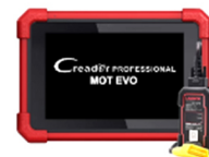
CRP MOT EVO - Diagnostic complet avec VCI Bluetooth
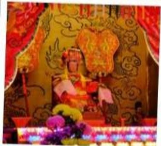
เจ้าแม่ทับทิม จอสเฮ้าส์เบย์
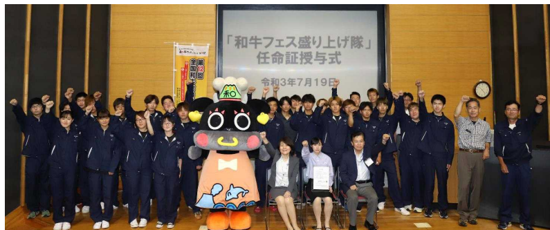
任命証授与式（令和3年7月19日農大講堂にて）
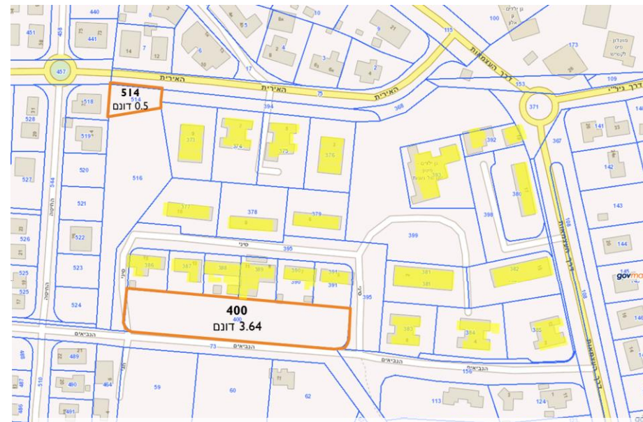
1. מגרשים להשלמת כלכליות בתחום התכנית
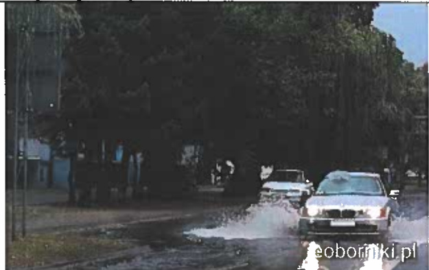
Rogoźno ulica Kościuszki po większych opadach deszczu w 2019 roku
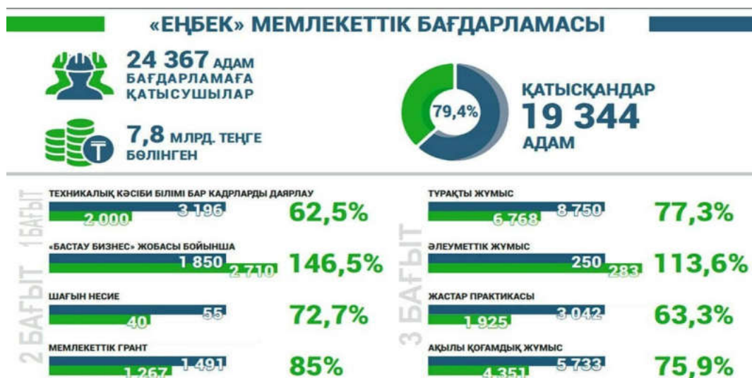
3 - сурет. «Еңбек мемлекеттік бағдарламасы» бойынша қорытынды көрсеткіш

«Еңбек мемлекеттік бағдарламасы» өндіріс кәсіпорындарынан бастап, шағын және орта бизнес кәсіпкерлерін қолдау мақсатында жасалған, мемлекеттік қаржыдан белгілі мөлшерде қаржы бөлініп 25000-ға жуық адамды қамтыған мемлекеттік бағдарлама.
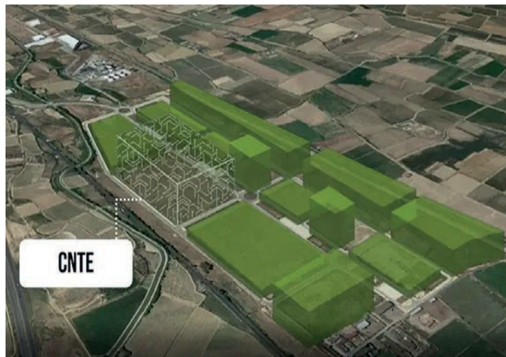
El lugar en el que se ubicará el Centro Nacional de Tecnologías del Envase en Calahorra.

INDUSTRIA | Plan del Ministerio y el Gobierno regional
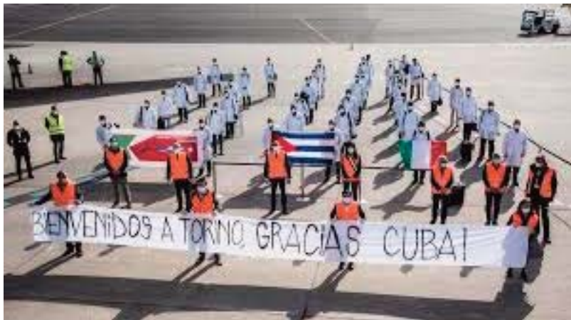
La Brigata cubana internazionale Henry Reeve in soccorso dell'Italia del Covid
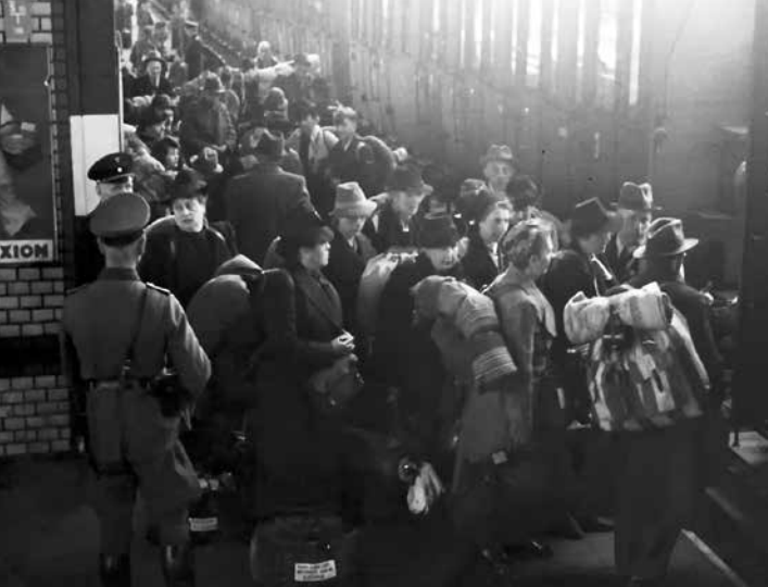
Deportation am Bahnhof Eisenach Am 9. Mai 1942, einem Samstag, mussten in Eisenach 58 Bürgerinnen und Bürger im Alter von 6 bis 63 Jahren den gewöhnlichen Personenzug 11:06 Uhr nach Weimar besteigen. Sie hatten wenige Tage zuvor einen Deportationsbefehl erhalten, weil sie jüdischen Glaubens oder jüdischer Herkunft waren. Niemand überlebte. Links im Bild ein Vertreter der Polizei, dahinter ein Eisenbahner.
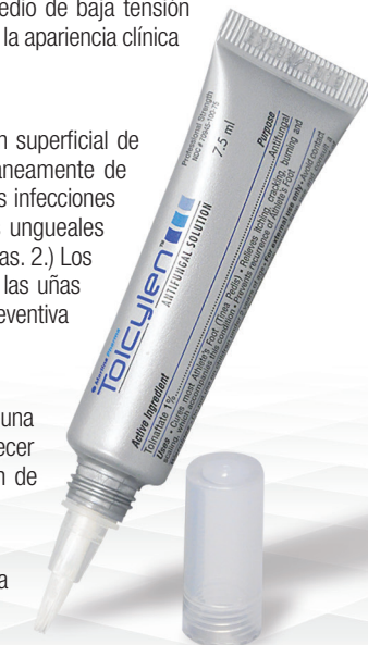
Punta Aplicadora Tru-Flow™

Todos los ingredientes de Tolcylen® son considerados seguros (GRASE) por la FDA y no contienen: benzoatos, BHT/BHA, DMSO, Gluten, Parabenos, o PHMB.
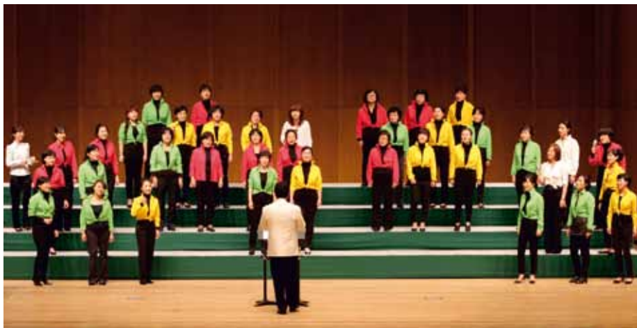
ULSAN NAMGU LADIES CHOIR Ulsan, Republic of Korea
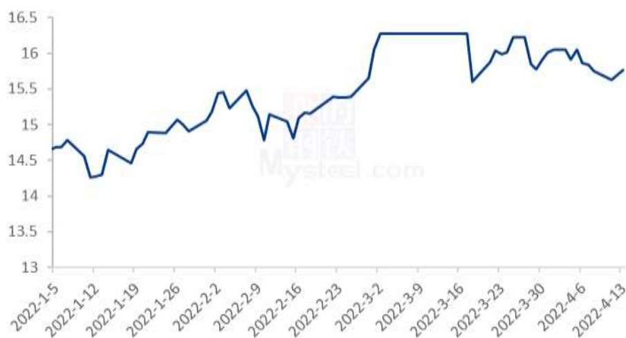
2022年CBOT糙米价格走势（单位：美元/英担）

截至 4 月 13 日 CBOT 糙米主力合约收盘价 15.765 美元/英担，环比上周四下跌 0.1 美元/英担。
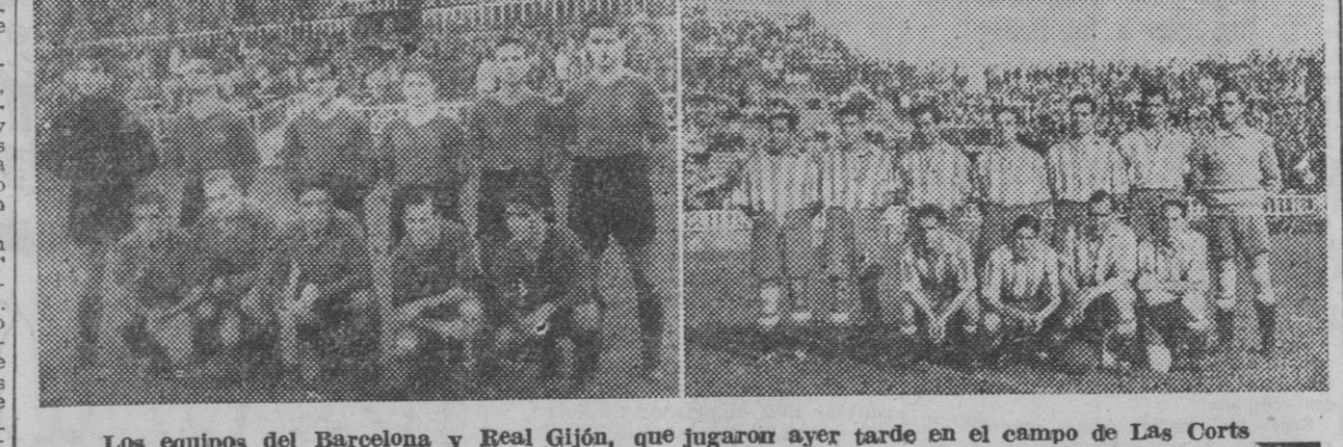
Los equipos del Barcelona y Real Gijón, que jugaron ayer tarde en el campo de Las Cortes (Fotos Pérez de Rozas)

Los equipos del Barcelona y Real Gijón, que jugaron ayer tarde en el campo de Las Cortes (Fotos Pérez de Rozas) No debe destacarse la actuación de ninguno de los dos equipos como conjunto; en cuanto a individualidades brillaron en el equipo asturiano por encima de los restantes compañeros, el defensa Jujo y el medio izquierdo Sirio, y Antón en la delantera. En el equipo catalán, Veloz, el medio derecho, y Calvo, que fué más completo y más ejecutor que el centro Morales. El arbitraje de González, sin dificultad alguna, puesto que ambos equipos se emplearon con nobleza. Un lleno en Buenavista y un resultado muy pobre. A las órdenes del colegiado Plácido González se alinearon en el campo de Buenavista, para jugar el partido inaugural de la temporada, los siguientes equipos: ESPANOL: Trias, Ternel, Llimós, Veloz, Jorge, Eizaguirre, Hernández (R.), Hernández (V.), Morales, Calvo y Agustí. OVIEDO: Aguilu, Jujo, Pera, Sansón, Diezro, Sirio, Antón, Alcalde, Chas, Herterria y Emilián. — Cifra.
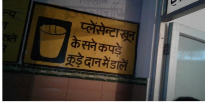
Bad Practice of BMW & IP near Patient Care Ward at DWH Rampur
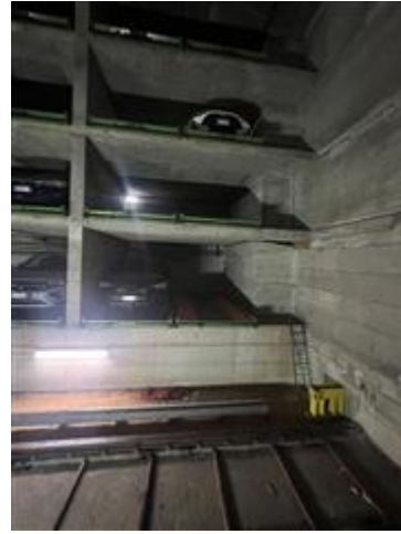
vista del fondo dell'autosilo dove, al piano più basso, si trova l'unità immobiliare oggetto di pignoramento
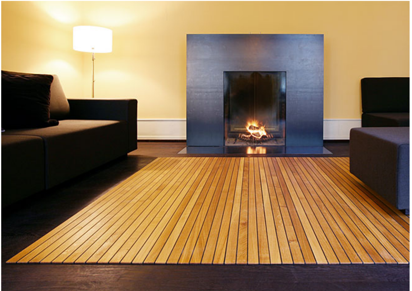
Legno-Legno 205 (Eiche geölt)
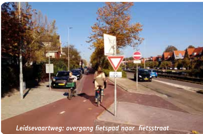
Leidsevaartweg: overgang fietspad naar fietsstraat

Wij blijven ijveren voor deze en andere verbeteringen en houden de opstelling van de lokale partijen bij de gemeenteraadsverkiezingen in de gaten!
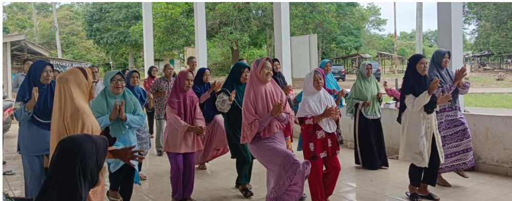
Gambar 3. Praktek Latihan Bersama

Pelatihan senam sehat untuk para lansia dilakukan di teras Balai Desa Payakabung dengan dipandu oleh beberapa anggota tim pengabdian. Senam yang diajarkan adalah jenis senam dengan gerakan yang santai dan cenderung mudah sehingga diharapkan para lansia yang ada dapat mempraktekannya dengan mudah pula di rumah masing-masing. Kegiatan praktek berjalan dengan lancar, para peserta juga antusias saat melakukan senam bersama. Berikut dokumentasinya.
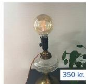
Anden bordlampe, Meget ...
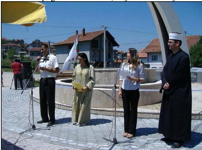
Sa otvorenja spomen-obilježja u D. Potoku

U okviru obilježavanja Dana općine Srebrenik, dana 19.06.2009.godine u naseljima Duboki Potok i Ljenobud, svečano su otvorena spomen-obilježja šehidima i poginulim borcima, koji su dali svoje živote
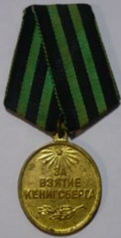
За заслуги в войне прадедущка награжден медалями: «За отвагу», «За боевые заслуги», «За взятие Кенигсберга», «За победу над Германией», «За победу над Японией».
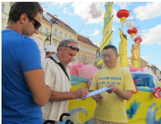
民众签名谴责中共活摘器官

天网恢恢,疏而不漏。江泽民、周永康、罗干、薄熙来等三十多个迫害元凶已在世界数十个国家被法轮功学员以“反人类罪”、“酷刑”或“群体灭绝罪”的万国公罪告上法庭。薄与江氏利用中共国家机器迫害法轮功,其罪恶已与中共捆绑在一起。尽管中共现任当权者出于“保党”仍在掩盖,但在不可阻挡的天象之下,中共邪党正在民众的唾弃声中走向覆灭。在即将到来的天惩和审判面前,每个人的选择决定着自己的未来。◇
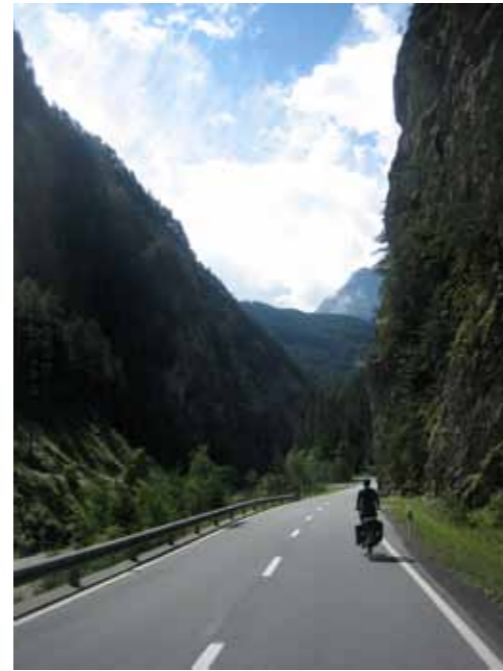
Een prachtig stukje door Zwitserland met super steile bergtoppen om je heen
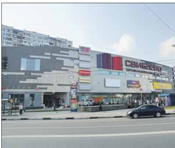
Торговый центр в Свиблове
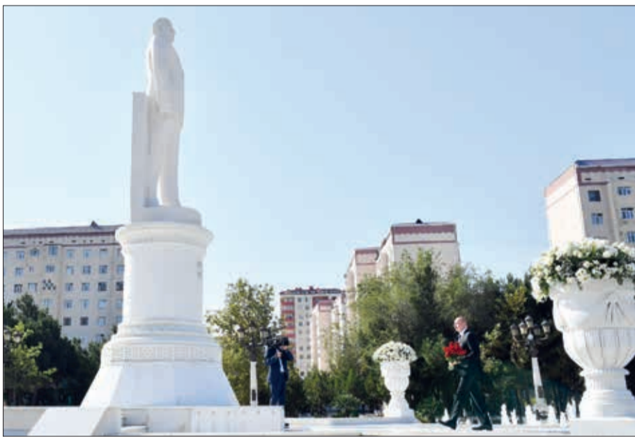
Azərbaycan Respublikasının Prezidenti İlham Əliyev oktyabrın 23-də Ulu Öndər Heydər Əliyevin Sumqayıt şəhərinin mərkəzində ucaldılan abidəsini ziyarət edib.

Ulu öndər Heydər Əliyevin abidəsini ziyarət
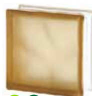
BROWN 1919/8 WAVE SAHARA 2S* CODE: 1604
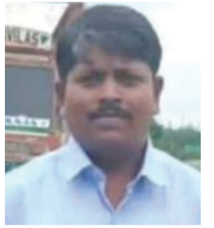
करत भिम सैनिकांना तडकाफडकी अटक केली आहे. यात वडार समाजाचे असणारे पान २ वर...
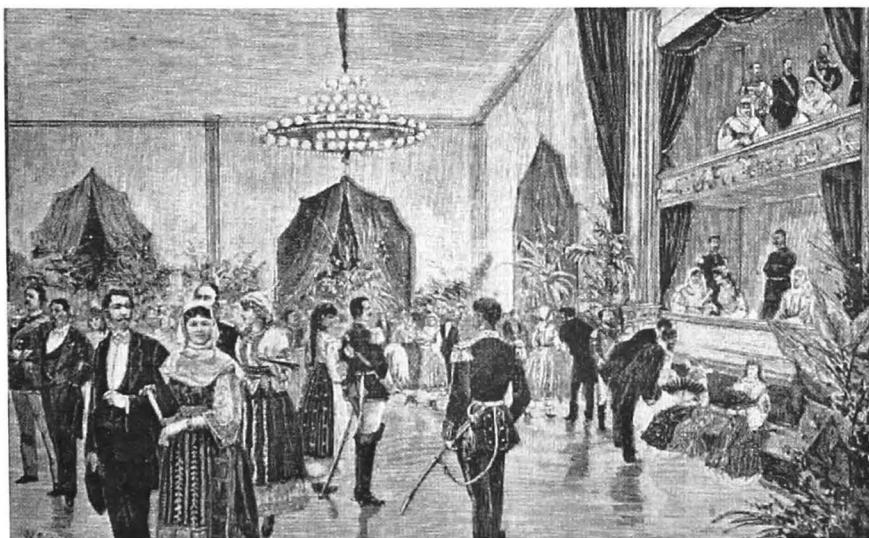
Fig. 1. Bal la Teatrul Național din București, 1884

Din nefericire acești oameni, de etnie și confesiuni foarte variate, care s-a topit într-un mixtum compositum între 1870 și 1930, exportatori de modele comportamentale către marginea societății, au fost evacuați din istorie iar fotografiile pe care le admirați alături de aceste rânduri, nu mai au corespondență în realitatea
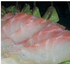
①真鯛冷燻 ②大松屋(三重県)
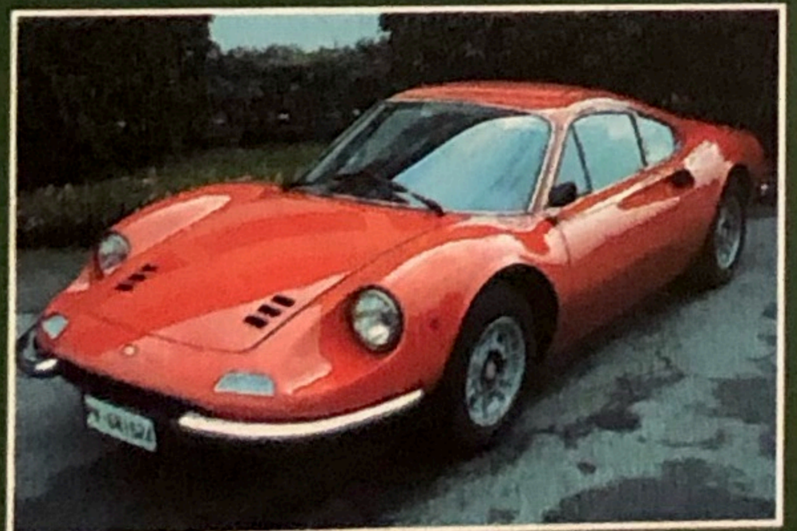
Ferrari Dino 246 GT, 1971, condizioni impeccabili
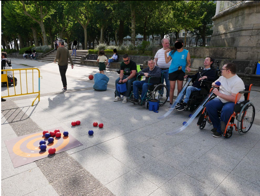
04/11/2024: Charla de sensibilización na Universidade de Vigo (campus Pontevedra)
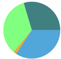
Verteilung der Belastungsgruppen in der FGE Elbe [%]
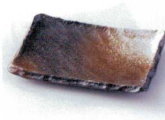
カ212-24 匠さの串皿 17.2×12×2.5cm 540円
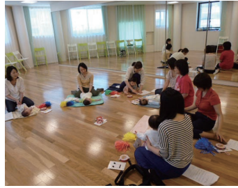
親子ふれあい遊び
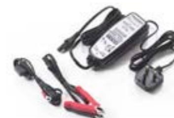
TRIUMPH BATTERIEOPTIMIERER UK A9930410 EU A9930411 US A9930412 AUS A9930413 JP A9930414
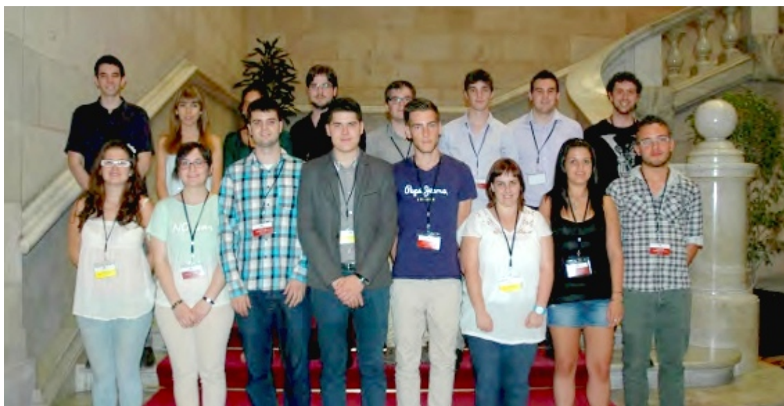
Els membres del 'Govern' universitari, amb 3 estudiants de la UdL

L'experiència consisteix en esdevenir diputats, periodistes, juristes o desenvolupar altres tasques. Una alumna de la UdL ha exercit com a secretària de la Mesa del Parlament, mentre tres companys seus han estat consellers del Govern, a les carteres de Governació, Agricultura i Justícia. Cabasés destaca que l'alumnat agafa experiència en el treball en grup, les competències transversals i l'oratòria.
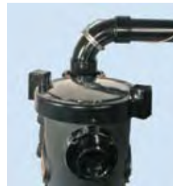
Bombas Stealth con codo (Sweep Elbow)

Brindan rendimiento y eficiencia superior, incorporando "tecnología silenciosa", las rediseñadas bombas Stealth elevan aún más la calidad de nuestras bombas. Poseen la canasta más grande del mercado. Están diseñadas para una fácil instalación, mantenimiento sin inconvenientes y máxima eficiencia. Las bombas Stealth pueden operar fácilmente todas las necesidades de su piscina y spa.

# # #

# WHAT THIS TASK INVOLVES
What is needed is each line of the entries that contains the word "spomen".

# WRITTEN RESPONSE
Sa otvorenja spomen-obilježja u D. Potoku
U okviru obilježavanja Dana općine Srebrenik, dana 19.06.2009.godine u naseljima Duboki Potok i Ljenobud, svečano su otvorena spomen-obilježja šehidima i poginulim borcima, koji su dali svoje živote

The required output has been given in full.